6. Biscayne National Park, Florida
South of Miami, Biscayne National Park is a unique national park, as it is found largely along the coast of Biscayne Bay. The park preserves the coastline and its offshore barrier reefs, as well as the shore’s mangrove forest. It even includes some small islands from the Florida Keys. The park is home to a variety of fish, coral, manatees, cacti, palm trees, sea turtles, whales and fish. Similar to the Everglades National Park, the Biscayne park is best visited in the winter months, when the heat, humidity and mosquitos are at their low points. The park is great for snorkeling, scuba diving, sailing, hiking, fishing, kayaking, and even windsurfing.
7. White Mountain National Forest, New Hampshire
The White Mountain National Forest sits in New Hampshire and a small portion of Maine. The forest is used for hiking, camping, skiing, picnicking and wildlife watching. Bald eagles, beavers, deer, moose, black bears, falcons, bobcats, red foxes, porcupine, mink, and more animals call this area home. The forest is open all year to alloy visitors to enjoy a quiet escape amongst its beautiful trees, streams, and ponds. Keep an eye out for the wildlife, and make sure to have some bear spray handy in case you come face to face with a mom and her cubs.
8. Cape Cod National Seashore, Massachusetts
Most people don’t realize that Cape Cod is a protected national area. Known for its sandy beaches, the park also has ponds, woods, walking trails, and more. Head to the seashore to explore the woods by bike, go swimming in the afternoon, watch the sunset on the beach, and enjoy surf and turf for dinner. The area is open all year and is connected to the Atlantic coastal pine barrens ecoregion, where you can escape to cooler temperatures amongst the trees in the warmer months.

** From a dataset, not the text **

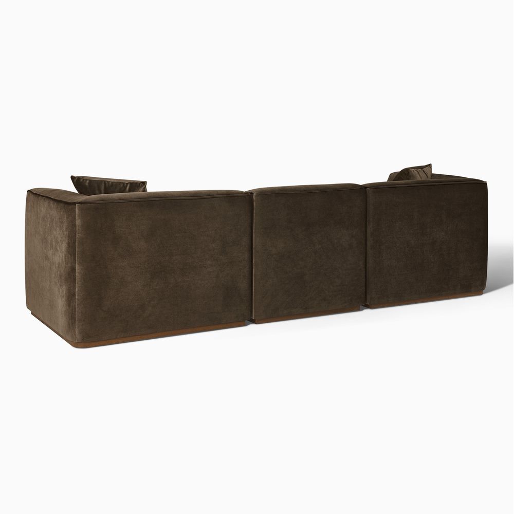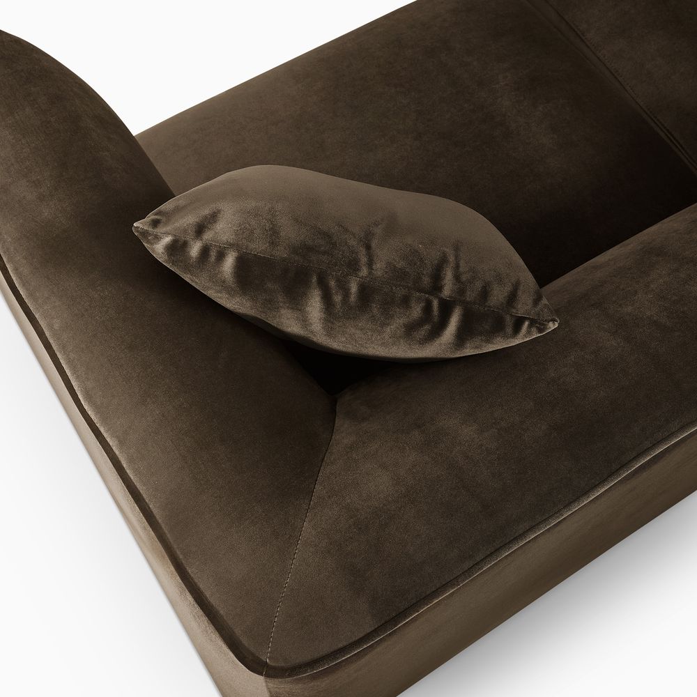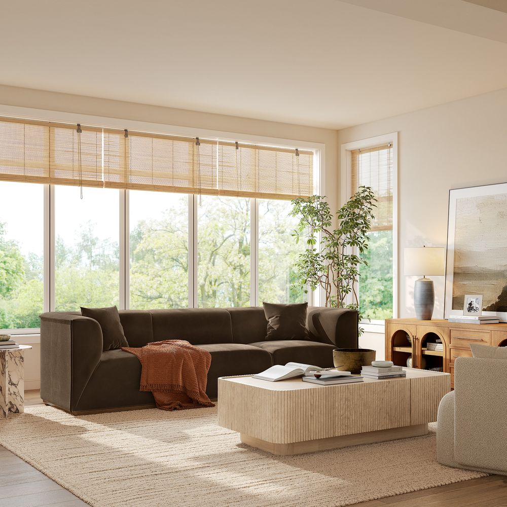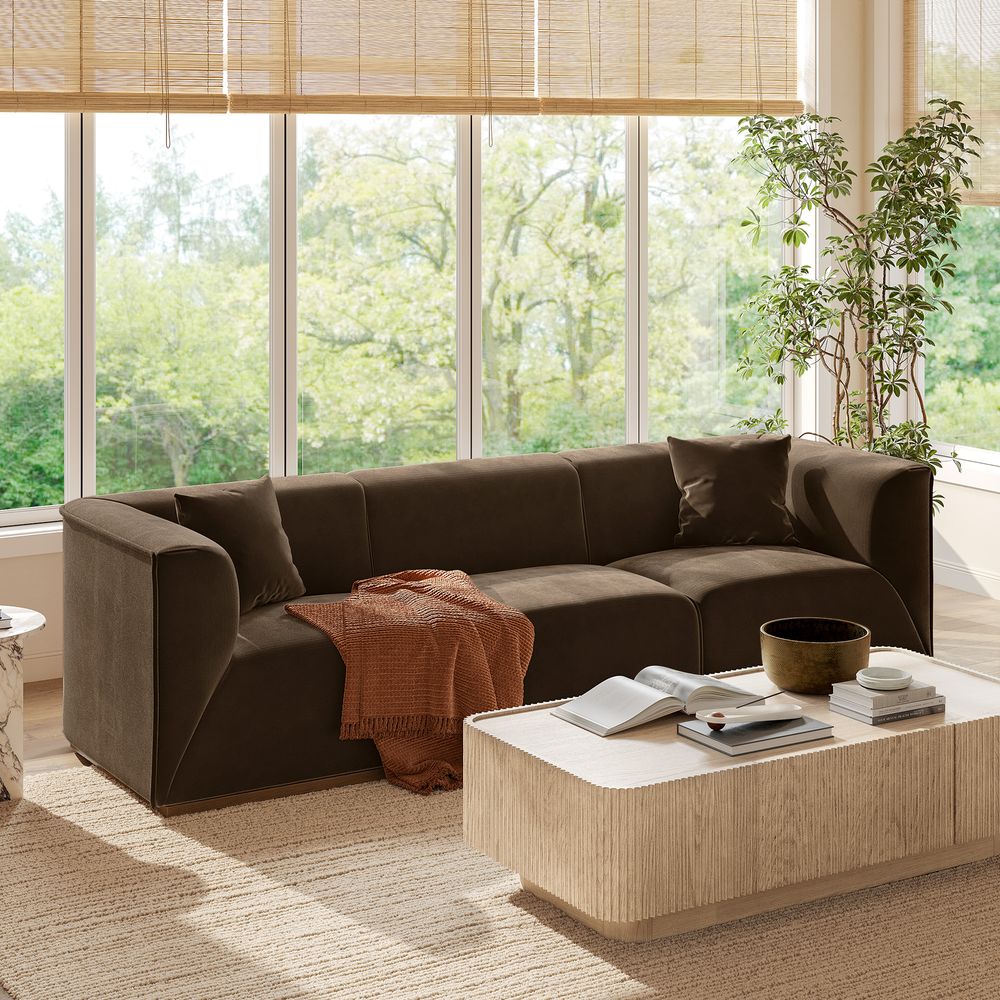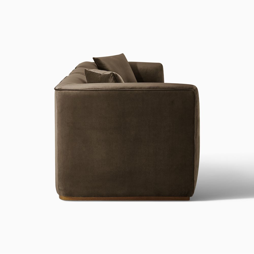 Benton is defined by a boxy, substantial presence with deep, low-profile seating that anchors the room. Subtly curved arms and back soften its bold silhouette, offering supportive comfort. A recessed solid wood base adds understated warmth, making Benton a natural focal point for modern minimalist, warm contemporary, or soft industrial interiors.

9. New River Gorge National Park, West Virginia
West Virginia’s New River Gorge is well known for its thrilling whitewater rafting in the large New River, which runs through the park’s deep canyons. Adrenaline junky visitors can go on rafting trips between April and October. Other activities in the park include rock climbing, fishing, hiking, biking, picnicking, and more. The park also offers beautiful vistas, wetlands, forests, caves, and mountain ridges, as well as diverse wildlife both in the water and on land. Native fish, rare amphibians, reptiles, birds and mammals call this park home.
10. Appalachian National Scenic Trail, Multiple States
Though not a park, the Appalachian National Scenic Trail is protected by the National Park Service. At over 2,180 miles long, the trail wanders through the Appalachian Mountain’s woods, hills, cliffs and forests. It also covers a few towns, roads and farms. The footpath trails through a vast range of the East Coast, including Georgia, North Carolina, Virginia, West Virginia, Maryland, Pennsylvania, New Jersey, New York, Connecticut, Massachusetts, Vermont, New Hampshire and Maine. Some portions of the Appalachian trail pass through the previously mentioned national parks. The trail is permitted exclusively for hikers, with some exceptions. There are short segments where horses and pack animals are permitted, including in the Great Smoky Mountains National Park. It’s possible to hike small portions of the trail, or to walk through the entire trail in a single season. Those who walk the full trail must be healthy, avid hikers. Camping is available along the trail at certain sites.